[Records from a dataset]
* * *
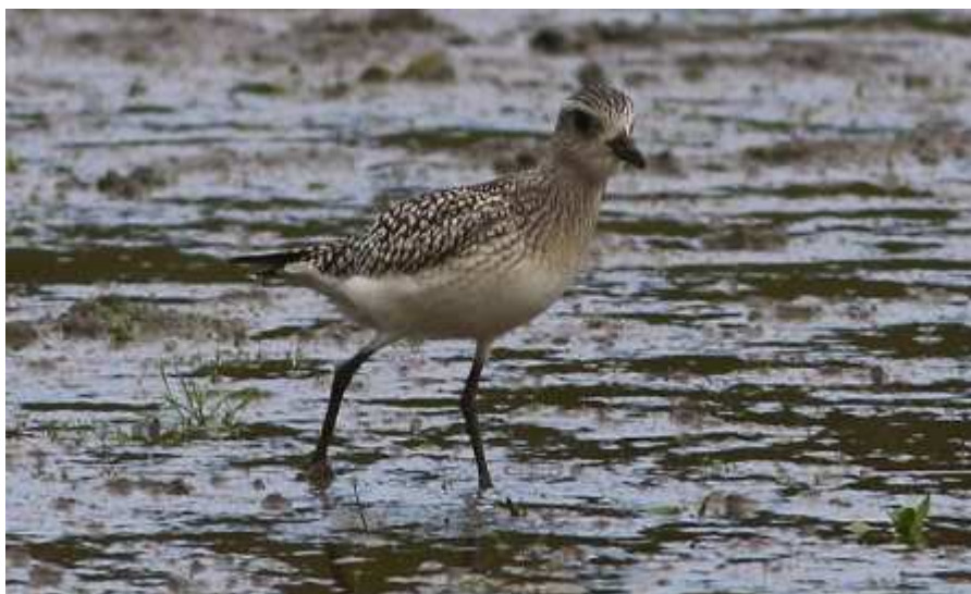
Pluvier argenté Pluvialis squatarola , octobre 2016, Lussat (23) B. Brunet.
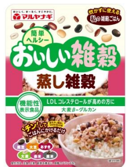
⑤おいしい雑穀 蒸し雑穀
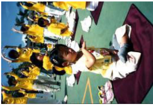
右图为台湾法轮功学员在台湾神冈乡 炼功 (2001-6)
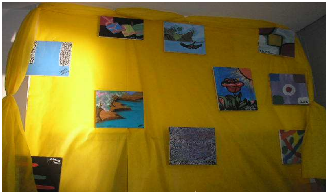
Figura 4 – Fotografia do trabalho realizado pelos alunos no saguão da escola

O que chamou a atenção é que, num primeiro momento, seria muito mais fácil e prático para a escola simplesmente mandar pintar o muro, no entanto, a escola optou por adotar uma medida mais bela, esteticamente, assim como mais educativa, ao tornar o muro uma grande tela e os seus (suas) alunos (as) em pequenos (as) pintores (as). Esta atitude da escola serve para demonstrar que o currículo oculto não é ruim por si só, já que esta atitude de convidar os alunos a pintarem o muro serviu para passar mensagens afetivas, tais como, conscientização em relação à conservação do patrimônio público, participação e trabalho em grupo.
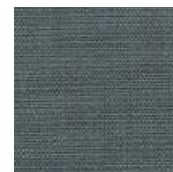
065-9209 CZ MÉDIO - C
* * *
No pictures should appear; only the lines from the first line of the records through the line with "Figura 4 – Fotografia", both included, are to be restated word for word.

● **RESULT OF THE TASK**:
Pluvier argenté Pluvialis squatarola , octobre 2016, Lussat (23) B. Brunet.
⑤おいしい雑穀 蒸し雑穀
右图为台湾法轮功学员在台湾神冈乡 炼功 (2001-6)
Figura 4 – Fotografia do trabalho realizado pelos alunos no saguão da escola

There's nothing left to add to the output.